Instruct to compile and run with. Now dis_pen_24_inh_4095.png is compared with N000000_10_true.png. The result was average = 1.19797px. In addition to compare_disparity.cpp, the result display also shows the difference in disparity per pixel, that is, the average disparity difference. As you can see from the makefile, the launch of the parallax comparison program is
. The difference image is an image such as , in which pixels are displayed in red when the parallax is greater than the true value and green when it is smaller.
./cmp true_left_disparity left_disparity difference_image
Program to check the range of parallax
chk_kitti.cpp Is a program to check the range of 194 true left parallax provided by KITTI's stereo2012 benchmark training.
Then, the maximum parallax and the minimum parallax of 194 true left parallax images that exist in / home / oguri / KITTI / data_2012 / training / disp_occ and / home / oguri / KITTI / data_2012 / training / disp_noc are checked. An image with the maximum parallax and the minimum parallax can be seen. As a result, the maximum disparity of disp_occ was 231.613, the maximum disparity of disp_noc was 227.988, and the minimum disparity was 4.10547. The image with the largest parallax was like passing through the cage. It was also found that disp_occ contains 80% images up to 136.395 and disp_noc contains 80% images up to 125.434.
Confirmation of evaluation method
You can see how it is evaluated by reading evaluate_stereo.cpp included in the development kit that you can download from the KITTI stereo2012 page. It seems that the parallax is evaluated by the average value of the difference of parallax and the percentage of pixels with 3 or more different pixels. Not only 3 pixels but also 1 pixel or more, 2 pixels or more, 4 pixels or more, 5 pixels or more ratio and effective pixel ratio are also output. Parameters that can be changed in depth_kitti.cpp are the parallax range, penalty value, and inhibit value. The inhibit value can be anything as long as it is sufficiently large, so we set it to 4095. In 1023 used in the TSUKUBA image, the result of red_true_kitti.cpp would be red (with contradiction), so it was almost quadrupled. If gaze_line-depth model is used, inconsistency should not be detected in true_kitti.cpp originally, so it means that the branch that has been inhibited has been cut. On the other hand, since the penalty value and the parallax range can only be matched with each other, we looked for places where the result would be better with some values. I didn't check the whole range, but the parallax was 4 to 120 pixels. The penalty value is 24. With this parameter, the average parallax difference in the training data was 2.909685 px, and the percentage of pixels with different parallaxes by 3 pixels or more was 17.1%.

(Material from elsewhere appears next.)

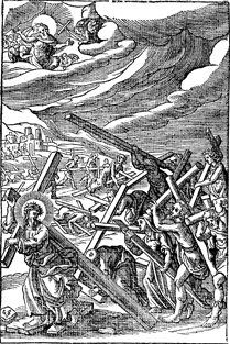 Description: Disciples bearing crosses follow Jesus, who also bears a cross, as God watches from above. Includes the monogram of the woodcutter, Christoffel van Sichem II (1577-1658) in the bottom left corner; his son, Christoffel van Sichem III (1618-1659), may have collaborated with him on these images .

Data submission and result 96th
submit_kitti.cpp Is a 121-line stereo vision processing program that creates submission data. The stereo vision processing part is the same as depth_kitti.cpp.
Will compile and run. Use graph_cut.cu for graph cut. The test data is 195 pairs of stereo images. I used a color image instead of grayscale. The total processing time was 85 minutes, and each pair was about 26 seconds. Parameters are inhibit value = 4095, penalty value = 24, parallax range = 4px--120px. The result was 96th as of March 24, 2018. The method name is GLDS (Gaze_Line-Depth model Stereo). The percentage of pixels with parallax differences of 3 pixels or more is 17.22%. The average value of the parallax difference was 2.8px. In the gaze_line-depth model stereo, the resolution of parallax is 2px, so the average value of the parallax difference is 2.8px, which is satisfactory. Currently, I am submitting the graph cut, but I think that if I add post-processing, I can raise the ranking considerably. However, given that the human eye does not have that much precision, it doesn't seem to make much sense to lower the average disparity difference.